The Intel Xeon Gold 6526Y has a Thermal Design Power (TDP) of 195W and a maximum CPU temperature of 99 °C, defining the thermal boundaries within which the processor is rated to operate in server environments. It is produced on a 10 nm semiconductor process and fully supports 64-bit computing. Platform connectivity is provided through PCIe 5, the latest generation of the PCI Express standard, enabling high-bandwidth interfacing with compatible server components. The processor does not include integrated graphics, which is consistent with its role as a dedicated compute unit in enterprise infrastructure.
The processor runs across 16 cores at a base speed of 2.8 GHz, with a clock multiplier of 28, delivering 32 threads for concurrent workload execution. Turbo Boost version 2 allows clock speeds to climb to 3.9 GHz under suitable thermal and power conditions, providing a useful frequency uplift for workloads sensitive to per-core speed. The multiplier is locked and cannot be modified beyond its factory configuration. On the cache side, the chip provides 37.5 MB of L3 cache distributed at 2.34 MB per core, giving frequently accessed data a low-latency storage layer close to the processing units.
The processor supports DDR5 memory across eight channels, with a maximum RAM speed of 5200 MHz and a bus transfer rate of 20 GT/s, providing the memory subsystem with the bandwidth characteristics suited to multi-core server workloads. Total addressable memory reaches up to 4000 GB, offering substantial capacity for environments running large in-memory datasets or dense virtualization stacks. ECC memory support is included as standard, enabling hardware-level error detection and correction to help ensure data reliability during continuous server operation.

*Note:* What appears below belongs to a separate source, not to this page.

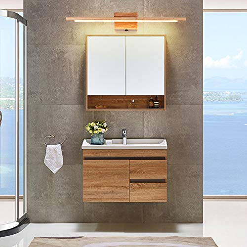 FFDCC Lampada da Specchio a LED in Legno con Interruttore, Luce da Specchio Bagno Vintage 60cm LED 10W Lampada per Specchio Trucco Camera da Letto Applique da Parete,Warm white
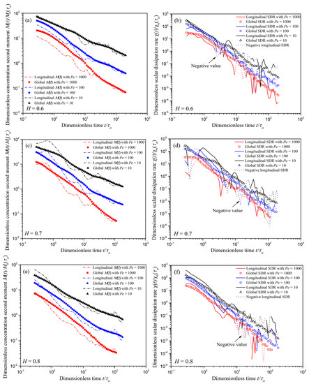To predict the global SDR from the longitudinal SDR, it is essential that the temporal evolution of the longitudinal SDR has the same tendency as the global SDR, which implies that the longitudinal concentration second moment should decrease as a power-law function of time. This would be true for the cases in the constant-aperture fracture, however, it is not necessary in the variable-aperture fractures where the abruptly changing aperture leads to the convergence of streamlines. The temporal evolutions of both the longitudinal and global concentration second moments in the variable-aperture fractures were investigated. The longitudinal and global concentration second moments is associated with the temporal evolutions of longitudinal and global SDR, respectively, as shown in Figure 8. Unlike the temporal evolution of the global concentration second moment, the temporal evolution of the longitudinal concentration second moment does not follow a strictly monotonic decrease with time for all conditions considered. Consequently, the longitudinal SDR in the variable-aperture fractures has a negative value (corresponding to the discontinuities in the lines in Figure 8b,d,f) though this is not possible as per the definition of Equation (16). This negative longitudinal SDR results from the fact that the longitudinal concentration second moment increases when the plume is transported in the small-aperture regions. For conservative solute transport, the mixing is an irreversible process and associates with the entropy of the mixing system towards its maximum. Although the longitudinal SDR generally decrease as a power-law function of time in the variable-aperture fractures, the negative value in SDR is physically meaningless. Therefore, predicting the global SDR by the longitudinal SDR is inappropriate in the variable-aperture fractures.

The processor supports multithreading, allowing each physical core to handle more than one thread at a time, which increases effective throughput for parallel server workloads. Hardware security is reinforced through the NX bit, which prevents code execution in memory regions designated as data-only, providing a baseline layer of protection against certain exploit techniques. The supported instruction sets — MMX, F16C, AES, AVX, AVX2, SSE 4.1, SSE 4.2, and FMA3 — span a practical range of compute functions, including hardware-accelerated encryption, wide vectorized arithmetic, half-precision floating-point conversion, and fused multiply-add operations, giving the chip native support for a variety of enterprise and scientific computing tasks.
In PassMark testing, the processor achieves a multi-threaded score of 45,036, representing its overall throughput capacity when all cores and threads are engaged across parallel workloads. Its single-threaded PassMark result of 3,155 captures per-core performance for tasks where execution is largely sequential and individual core speed carries more weight than total thread count.